2.2. Experimental treatments
Brackish water having 7.2 ppt was taken from Derawar fort (Cholistan), Punjab, Pakistan, and diluted to 3.00 ppt, 5.00 ppt, and 7.00 ppt by adding fresh water. After acclimatization, the fish in different groups (T0, T1, T2 and T3) were exposed to brackish water in glass aquaria (75 cm × 45 cm × 45 cm) having various levels of salinity T0 (0.0 ppt), T1 (3.00 ppt), T2(5.00 ppt) and T3 (7.00 ppt) for three months. Fish reared in group T0 were placed in fresh water (0.00 ppt) as untreated control. The body mass of fish reared in each normal and exposed groups was recorded at days 30, 60 and 90 of trial. Therefore, salinity concentrations used in this experimental study were used on the basis of earlier published reports [49–51]. All the fish were critically observed for any physical/behavioral disorders on regular basis throughout the trial.

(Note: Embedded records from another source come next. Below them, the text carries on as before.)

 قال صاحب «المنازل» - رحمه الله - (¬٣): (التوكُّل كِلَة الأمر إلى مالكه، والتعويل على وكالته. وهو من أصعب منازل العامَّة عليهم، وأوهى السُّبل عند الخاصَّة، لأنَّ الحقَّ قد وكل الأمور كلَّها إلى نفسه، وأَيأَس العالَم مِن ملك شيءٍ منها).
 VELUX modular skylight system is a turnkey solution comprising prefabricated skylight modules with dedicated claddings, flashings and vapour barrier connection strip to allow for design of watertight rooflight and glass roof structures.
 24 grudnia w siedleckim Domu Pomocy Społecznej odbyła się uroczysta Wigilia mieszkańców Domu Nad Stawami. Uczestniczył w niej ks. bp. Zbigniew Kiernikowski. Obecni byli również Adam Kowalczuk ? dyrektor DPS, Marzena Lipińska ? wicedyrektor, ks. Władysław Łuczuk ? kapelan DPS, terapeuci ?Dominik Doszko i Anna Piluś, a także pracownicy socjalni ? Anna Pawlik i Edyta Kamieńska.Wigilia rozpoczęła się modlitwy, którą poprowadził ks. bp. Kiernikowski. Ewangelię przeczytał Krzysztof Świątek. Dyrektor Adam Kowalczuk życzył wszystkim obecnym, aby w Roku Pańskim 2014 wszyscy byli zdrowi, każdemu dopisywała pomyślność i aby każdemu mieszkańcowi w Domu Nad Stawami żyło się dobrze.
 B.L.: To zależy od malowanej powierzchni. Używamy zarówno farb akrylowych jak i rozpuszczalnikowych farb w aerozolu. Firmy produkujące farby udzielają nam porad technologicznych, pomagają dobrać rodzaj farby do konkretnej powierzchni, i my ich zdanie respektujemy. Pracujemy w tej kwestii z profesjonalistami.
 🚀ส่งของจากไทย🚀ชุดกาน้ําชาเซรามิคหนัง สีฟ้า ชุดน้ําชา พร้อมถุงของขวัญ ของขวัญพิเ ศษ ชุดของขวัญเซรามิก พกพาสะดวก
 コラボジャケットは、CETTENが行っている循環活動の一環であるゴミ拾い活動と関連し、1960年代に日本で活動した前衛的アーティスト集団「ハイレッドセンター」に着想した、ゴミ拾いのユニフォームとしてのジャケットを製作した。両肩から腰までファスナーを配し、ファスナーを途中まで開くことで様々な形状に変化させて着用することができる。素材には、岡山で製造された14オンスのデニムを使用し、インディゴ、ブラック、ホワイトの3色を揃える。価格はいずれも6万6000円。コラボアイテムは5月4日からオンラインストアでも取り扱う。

2.3. Hematological studies
To minimize the stress prior to blood collection, all the fish were fasted for 10-12h and were handled gently in a calm and shaded area. Prior to blood collection, the experimental mrigal carp were anesthetized to alleviate any kind of stress using clove oil (4–5 mg/L). The fish were monitored continuously until anesthesia was reached (loss of reflexes and absence of movement). After that, approximately 2 mL blood was collected at days 30, 60, and 90 from the caudal vein of each fish with the help of 26-gauge sterile needle. The collected blood was immediately transferred into test tubes both with and without anticoagulant EDTA (1.2 mg/ml) depending on the intended analysis. Hematological parameters were assessed following the protocols described [52]. The evaluated biomarkers included erythrocyte count (×109/mm3), hematocrit (%), hemoglobin concentration (g/dL), total leukocyte count (×10⁶/mm3), and differential leukocyte counts—specifically neutrophils (%), monocytes (%), and lymphocytes (%). These assessments were performed in accordance with the methods outlined [53,54].
2.4. Serum chemistry
Serum was separated from blood samples collected from fish in each experimental group on days 30, 60, and 90 by placing the samples on ice and allowing coagulation, followed by centrifugation. A range of serum biochemical parameters—including aspartate aminotransferase (AST), alanine aminotransferase (ALT), alkaline phosphatase (ALP), urea, lactate dehydrogenase (LDH), glucose, creatinine, triglycerides, albumin, and cholesterol—were quantified using commercially available diagnostic kits (Randox Laboratories Pvt. Ltd.). Measurements were performed using a fully automated chemistry analyzer (Randox Laboratories Pvt. Ltd.) at each designated sampling interval, following established protocols [54,55].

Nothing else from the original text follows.